My PhD-Thesis titled "Reduced order modeling of thermal convection flows: a reservoir computing approach" is published at TU Ilmenau. It is open access. Free of charge. The corresponding technical appendix (numerical implementations, source files & code) can be found at Zenodo.
The thesis revolves around the application of machine learning models on direct numerical simulations of thermal convection flows. Their potential for sub-grid scale turbulence parameterization is evaluated.

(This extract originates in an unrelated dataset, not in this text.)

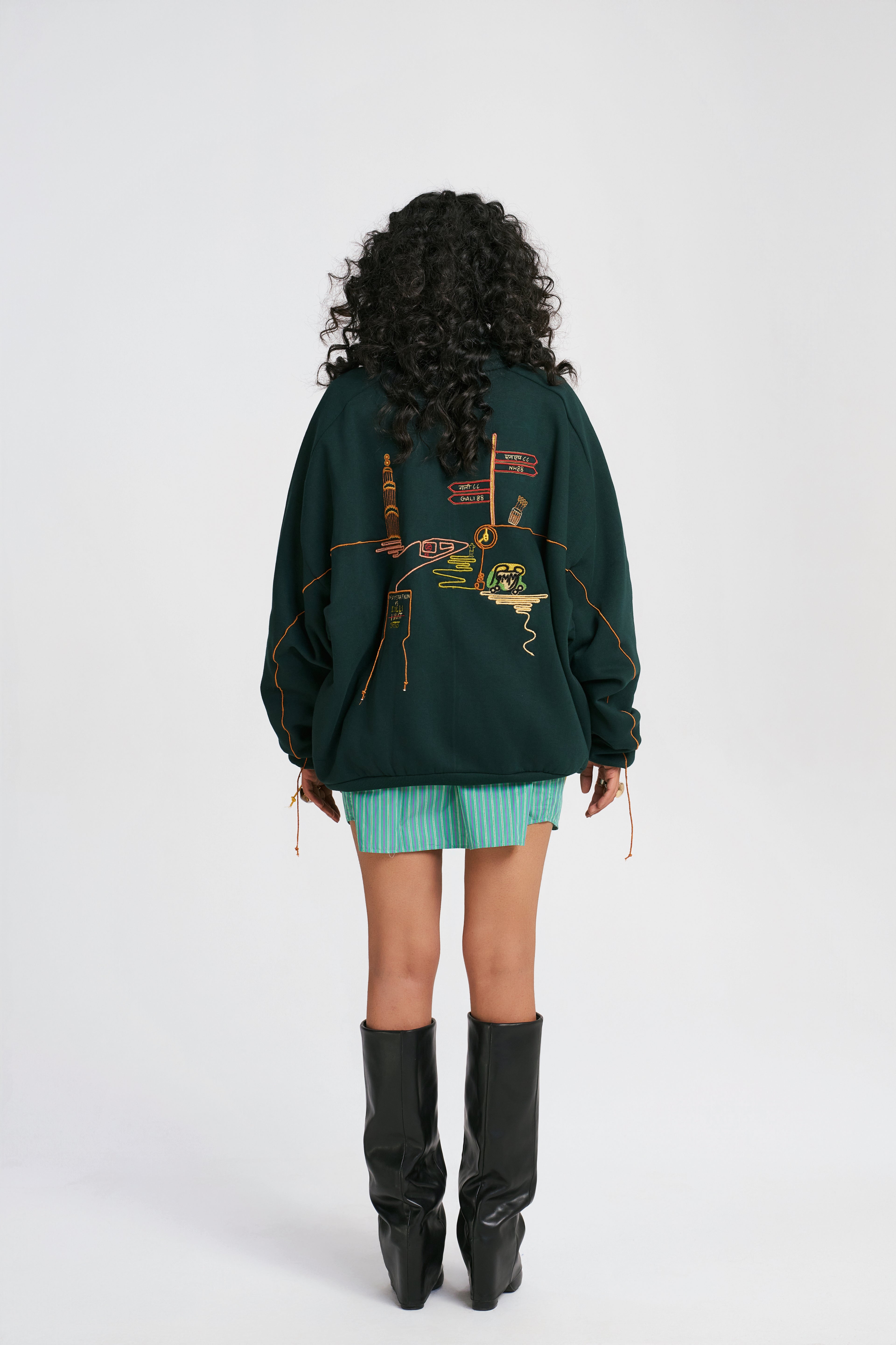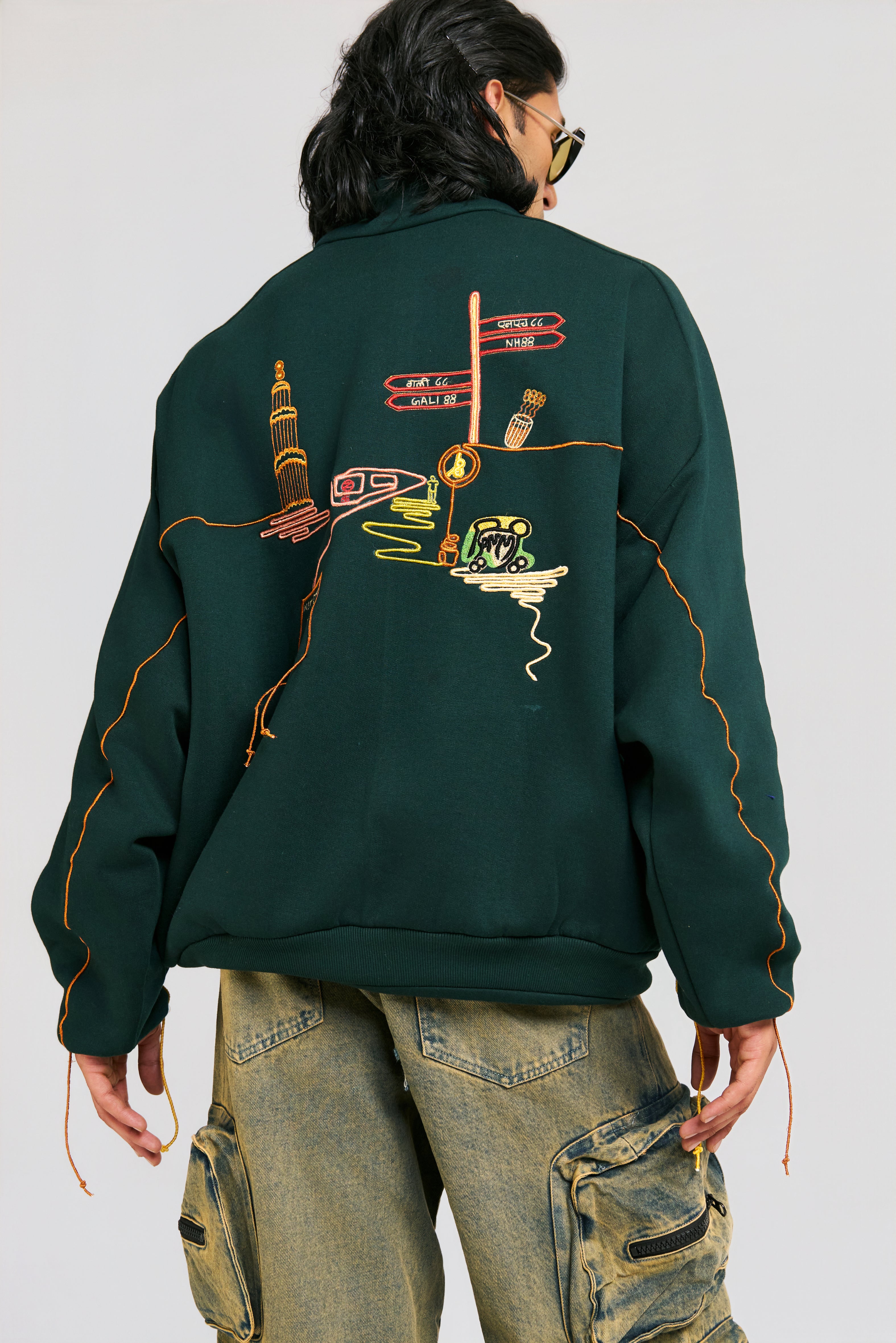 Hand-stitched artwork by a Delhi artisan—each hoodie carries its own unique character

This thesis explores the potential of machine learning (ML) algorithms to enhance subgrid-scale parameterizations in large-scale atmospheric simulations. Traditional approaches often rely on simplifications or computationally expensive methods. This work aims to introduce a more physically consistent and computationally efficient approach using Reservoir Computing (RC) and data reduction techniques to extract subgrid-scale features from direct numerical simulations (DNS) of thermal convection. To this end, the high-fidelity simulation data is pre-processed by a Proper Orthogonal Decomposition (POD) or an Autoencoder (AE) network to reduce the amount of data. An RC model is subsequently trained on this reduced data space to predict future flow states without solving the governing nonlinear equations of motion. The combined POD-RC model’s predictions are thoroughly validated by original simulations. It is found that the model accurately replicates spatial organization, structural features, and low-order statistics of dry and moist convection flows, opening new ways for the dynamic parameterization of subgrid-scale transport in larger-scale circulation models. Furthermore, this work investigates the generalization property of an AE-RC model based on a flux-driven two-dimensional turbulent convection system. It is found that the machine learning model can correctly reproduce spatial features and the statistical properties of the physical fields. Finally, this work focuses on the parameterization of the convective boundary layer (CBL) by means of a Generative Adversarial Network (GAN), which is trained on high-fidelity DNS data of a three-dimensional CBL. It is shown that a physics-informed rescaling of the limited amount of training data enables the method to reproduce the CBL growth and the related pattern formation. The GAN results agree with standard mass-flux schemes and additionally provide the granule-type horizontal organization of the turbulent flow, which cannot be obtained with the mass-flux approach. Although the primary focus is not on implementing ML-based parameterization schemes in large-scale models, this work advances our understanding of the potential and limitations of the afore mentioned models in the context of climate modeling and numerical weather prediction.